Boosting Medical Physics

First 13 students earn joint ICTP-University of Trieste Master's in Medical Physics
Boosting Medical Physics

Thirteen students from 11 developing countries were the first to receive a Master's in Medical Physics (MMP) degree through a joint ICTP-University of Trieste programme that began two years ago. A ceremony honoring their achievements was held on Friday 11 December in the ICTP Budinich Lecture Hall. Photos from the ceremony are available here.

The two-year MMP programme, which is supported by the International Atomic Energy Agency (IAEA) and the World Academy of Sciences (TWAS), addresses a dire shortage of medical physicists in the developing world. It is designed to provide graduates of physics or related fields (mainly from developing countries) with postgraduate theoretical and clinical training so that they may be recognized as clinical medical physicists in their home countries. Typically, medical physicists work in hospitals providing services for medical imaging, nuclear medicine and radiotherapy.

The clinical training aspect of the MMP--where the students gain year-long, hands-on experience in participating hospitals--was particularly appreciated by the graduates. "The most important point for me is that it has one full year of training," says MMP graduate Hossein Aslian from Iran, adding, "I already had a master but it was purely theoretical, so the best chance to shift from theoretical to practice was to participate in ICTP's programme."

List _MMP_Grads

Babatunde Isiaka, an MMP graduate from Nigeria, concurs. "With the ICTP programme, you can go directly into clinical training without any problem. This is different from the situation in many countries, because when you finish your master you need to look for places to do clinical training, which is somewhat difficult to get," he says.

Many of the graduates come from countries where medical physicists are scarce.

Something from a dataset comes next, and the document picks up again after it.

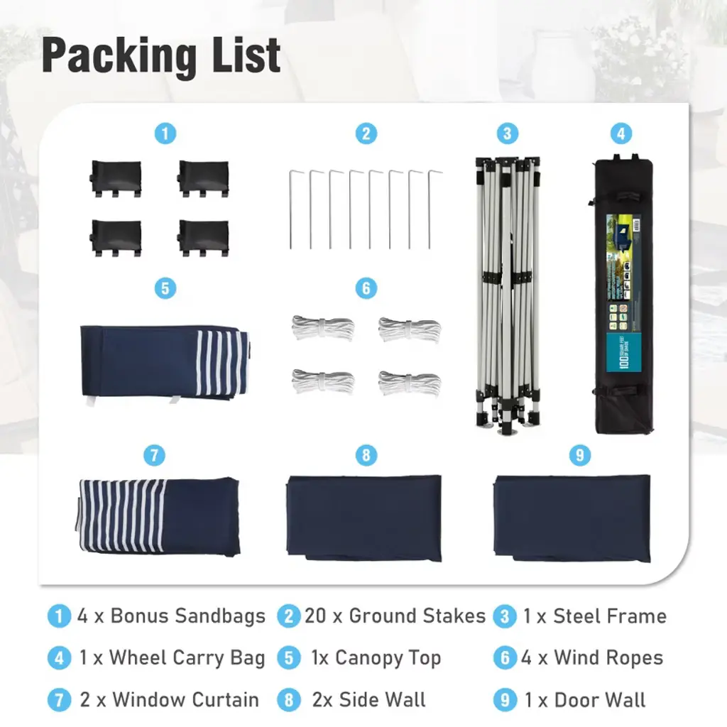 Captiva Designs 10’x10’ Pop-up Canopy Tent With Sidewalls – Easy Setup, Waterproof, And Ventilated For Outdoor Events And Parties (Blue)

MMP graduate Tinanirina Rasoarimalala will become only the third such specialist in her home country of Madagascar.

During the graduation ceremony, four graduates were cited for their high-level achievement in the programme and were awarded the Medical Physics Prize; they are:

  • Hossein Aslian (Iran)
  • Kirk Douglas Najera Castillo (Guatemala)
  • William Vladimir Ona (Ecuador)
  • Melisa Nurkovic (Montenegro)

Congratulating the new graduates, University of Trieste Rector Maurizio Fermeglia highlighted two key aspects of the MMP program: its multidisciplinary nature and its stress on collaboration. "Humanity's big problems are multidisciplinary in nature, for example climate change or food shortages," he says, adding ,"You are an example of how basic science can solve problems."

ICTP scientist Luciano Bertocchi, who has coordinated the Centre's medical physics activities for years and was the driving force behind the creation of the MMP, included in his opening remarks at the ceremony a special thanks to the IAEA. "Without the Agency's assistance, the MMP would not be able to continue," he says. He acknowledged the Agency's increased financial support of the MMP, saying it is "A clear indication of the validity of our program." MMP graduate Babatunde Isiaka of Nigeria has seen the IAEA's work first-hand in his country, and says it has made a significant impact. "With the help of the IAEA, especially in helping medical physics to develop, I think in the years to come Nigeria will be great in medical physics," he says.

MMP_HospitalsIsiaka also gives due credit to ICTP for its support of medical physics in developing countries. "If you tell anyone that you have trained at ICTP, with its great reputation for training and its experts, they will not doubt your standard, because it has that reputation," he explains. He advises anyone who wants to study medical physics to study at ICTP, because "This is where the science begins, you need to come and see new developments, new techniques, new research and meet people of different calibers."